Our manuscript entitled, “Influence of different glycoproteins and of the virion core on SERINC5 antiviral activity”, is now online as a preprint at bioRxiv.
The authors were : William E. Diehl, Mehmet H. Guney, Pyae Phyo Kyawe, Judith M. White, Massimo Pizzato, Jeremy Luban
In 2015, we reported that HIV-1 Nef blocks the antiviral host factor SERINC5, and that the structurally unrelated MLV Glycogag acts similarly to Nef (Nature 526:212). The HIV-1 glycoprotein was identified as a viral determinant of susceptibility to restriction. In contrasts, GPs that fuse in acidic endosomes, i.e., VSV and EBOV, were resistant to restriction. Virion membrane-associated SERINC5 blocks an early step in the infection cycle but the exact mechanism of restriction has not been elucidated.

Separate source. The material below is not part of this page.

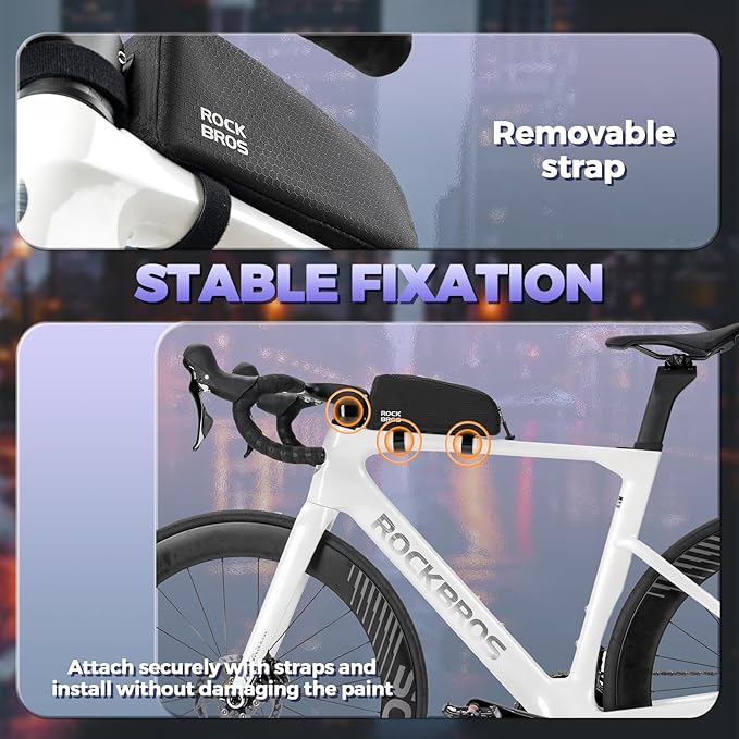 - EASY TO INSTALL: Adjustable hook and loop design, suit for more size MTB road bikes. Install and release the top tube bag quickly and without any tools

The new manuscript examined a large panel of GP pseudotypes on three types of retrovirion cores and makes the following observations:
1. we identify the first non-retroviral GPs that are sensitive to SERINC5 restriction
2. GP requirement for acidification does not necessarily make the particle SERINC5-resistant.
3. the core of the virion influences sensitivity to restriction.
Our findings extend understanding of the requirements for SERINC5 restriction, potentially expand the significance of SERINC5 beyond retroviruses, and provide useful information to those attempting to understand the SERINC5 restriction mechanism.